I bought the Powermatic 3520b and its going to be delivered this friday.

That lathe lists for $3209.99  and when on sale with the dicount it came to $2595.00 but i went to *TOOLNUT* and they beat that price , it came to $2570.00  that was only minutes from my house. Cant beat that.


----------



## Dr.Zook (Sep 10, 2004)

Congrats Roy on your new lathe purchase. I hope you will enjoy it greatly and be sure to post some pics of your new toy and the turnings off of it.


----------



## BernieW (Sep 12, 2006)

Roy congrats on the new lathe. You are going to like it. If I would have had a little more room that is what I probably would have gotten instead of the Nova DVR XP. You got a great price on it. Post some pic's when it is setup.


----------



## Bob N (Oct 12, 2004)

Roy my old friend...... you have fell into the vortex big time!  Can I have your old Jet as a hand me down?

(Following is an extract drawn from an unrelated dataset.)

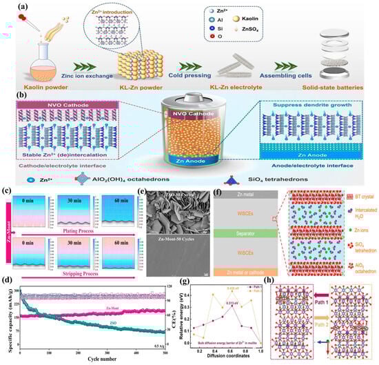 - Zhou, C.; Wang, Z.; Nan, Q.; Wen, H.; Xu, Z.; Zhang, J.; Zhao, Z.; Li, J.; Xing, Z.; Rao, P.; et al. Simultaneous Inhibition of Vanadium Dissolution and Zinc Dendrites by Mineral-Derived Solid-State Electrolyte for High-Performance Zinc Metal Batteries. Angew. Chem. Int. Ed. 2024, 63, e202412006. [Google Scholar] [CrossRef]

Congrats on on the upgrade and we sure would like to see some pics of what you have been turning these days.


----------



## challagan (Feb 7, 2006)

Congrats on the new lathe, that's a top of the line one. Enjoy it!

Corey


----------



## Joe Lyddon (Sep 11, 2004)

*WOW!*

That must be one unbelievable lathe! Just to make square things round!  

Enjoy it and be careful!!


----------